Did you folks build a custom wrapper?

I’m having the thing run ‘co.Slaves.GetSlaveSettings()’ in seven Python instances.

It’s very slow, but that could be because of the VPN. I’ll let this run for a bit and give it another crack when I’m in the office tomorrow.

I’m honestly not sure how performant .net’s web framework is with regard to heavy concurrency. You guys are fantastic for pushing this stuff hard. I’ll keep you posted.

Yeah, we had to make our own deadlineapi to wrap the underlying functionality, and to make communication transparent to our other libs. Some functions use the command line under the hood, some use the pulse api…

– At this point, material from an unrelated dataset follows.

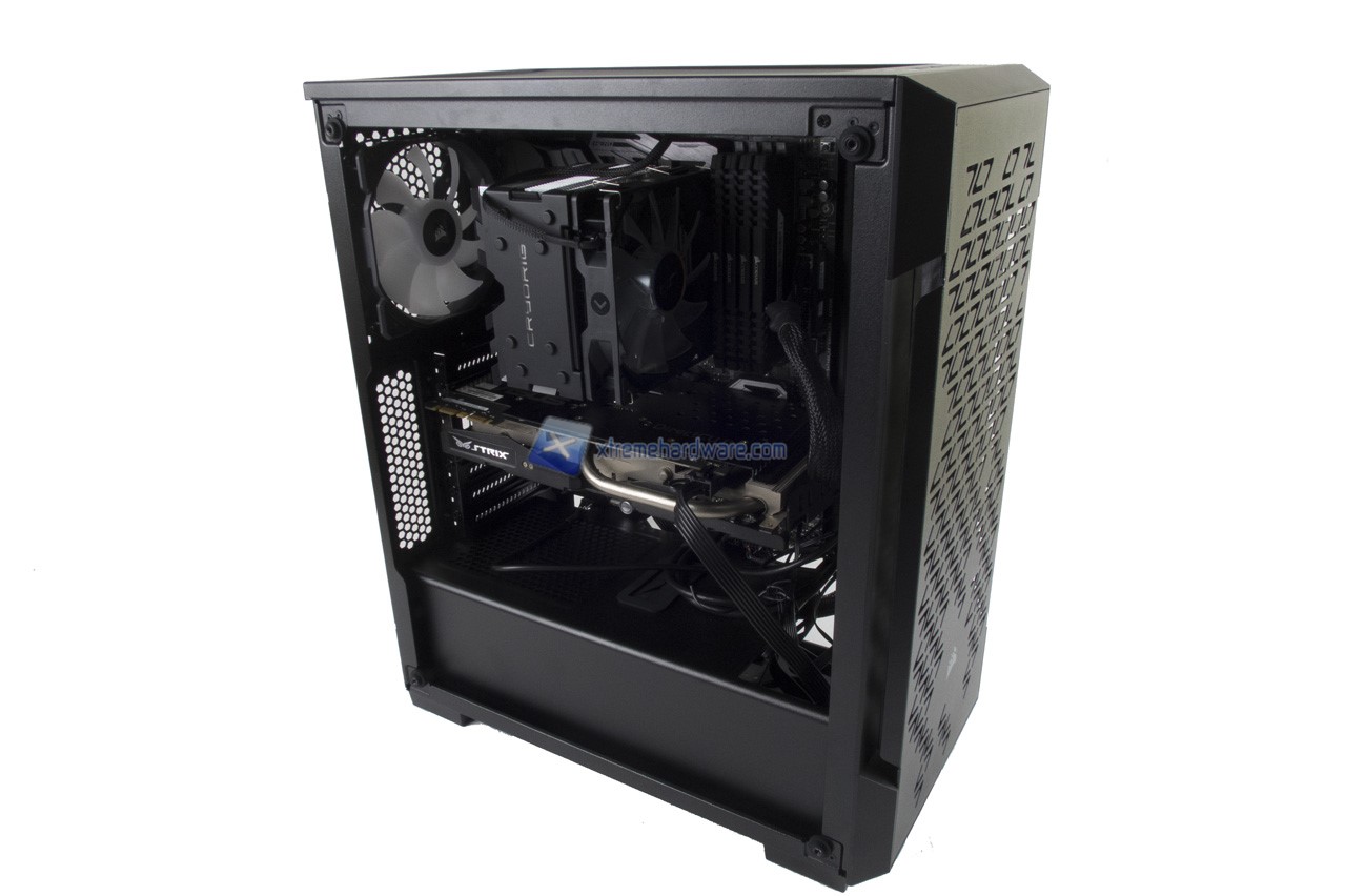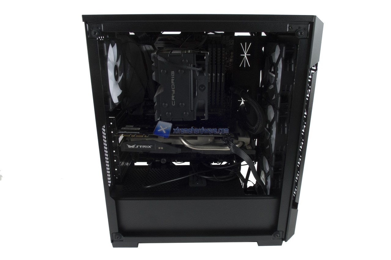 L’installazione nel Corsair iCUE 220T RGB è stata relativamente veloce. Lo spazio offerto è buono e i componenti vengono installati abbastanza velocemente. Forse lo spazio nel Top e con un dissipatore ad aria come nel nostro caso inizia a scarseggiare e si fa un po' di difficoltà ad inserire eventuali connettori per ventole o simili indi per cui si consiglia una configurazione con l’immancabile AIO. In caso di installazione di un AIO da massimo 360 mm potrete installare il radiatore nel frontale e grazie all’ampio foro nel tray della scheda madre completare l’installazione anche in seguito come di norma.

Still wishing for a native python library here… :-\

Yep, that’s the function isSlaveEnabled() used! Only run it on 1200+ instances :slight_smile:
It was a bit slower than i expected (some of the rest api calls are almost instant) but still faster than the command line.

Well In the mean time, I think I’ve got something here.

One of the Python instances just fell over, and now none of the other instances are getting a response from the web service, they’re just hanging.

This is my exception:

Traceback (most recent call last): File "Documents/Code/Thinkbox/DeadlineTesting/test-webservice.py", line 5, in <module> b=co.Slaves.GetSlaveSettings('Mobile-010') File "/Library/Python/2.7/site-packages/Deadline/Slaves.py", line 78, in GetSlaveSettings return self.connectionProperties.__get__("/api/slaves?Name="+name.replace(' ','+')+"&Data=settings") File "/Library/Python/2.7/site-packages/Deadline/ConnectionProperty.py", line 35, in __get__ return DeadlineSend.send(self.address,commandString, "GET", self.useAuth, self.user, self.password) File "/Library/Python/2.7/site-packages/Deadline/DeadlineSend.py", line 35, in send response = opener.open(request) File "/System/Library/Frameworks/Python.framework/Versions/2.7/lib/python2.7/urllib2.py", line 404, in open response = self._open(req, data) File "/System/Library/Frameworks/Python.framework/Versions/2.7/lib/python2.7/urllib2.py", line 422, in _open '_open', req) File "/System/Library/Frameworks/Python.framework/Versions/2.7/lib/python2.7/urllib2.py", line 382, in _call_chain result = func(*args) File "/System/Library/Frameworks/Python.framework/Versions/2.7/lib/python2.7/urllib2.py", line 1214, in http_open return self.do_open(httplib.HTTPConnection, req) File "/System/Library/Frameworks/Python.framework/Versions/2.7/lib/python2.7/urllib2.py", line 1187, in do_open r = h.getresponse(buffering=True) File "/System/Library/Frameworks/Python.framework/Versions/2.7/lib/python2.7/httplib.py", line 1045, in getresponse response.begin() File "/System/Library/Frameworks/Python.framework/Versions/2.7/lib/python2.7/httplib.py", line 409, in begin version, status, reason = self._read_status() File "/System/Library/Frameworks/Python.framework/Versions/2.7/lib/python2.7/httplib.py", line 373, in _read_status raise BadStatusLine(line) httplib.BadStatusLine: ''

So the response pipeline may be single threaded. I’ve got other things I need to do today, but I’ll have the right people take a look at this after I’ve done more testing tomorrow.

Thanks Edwin!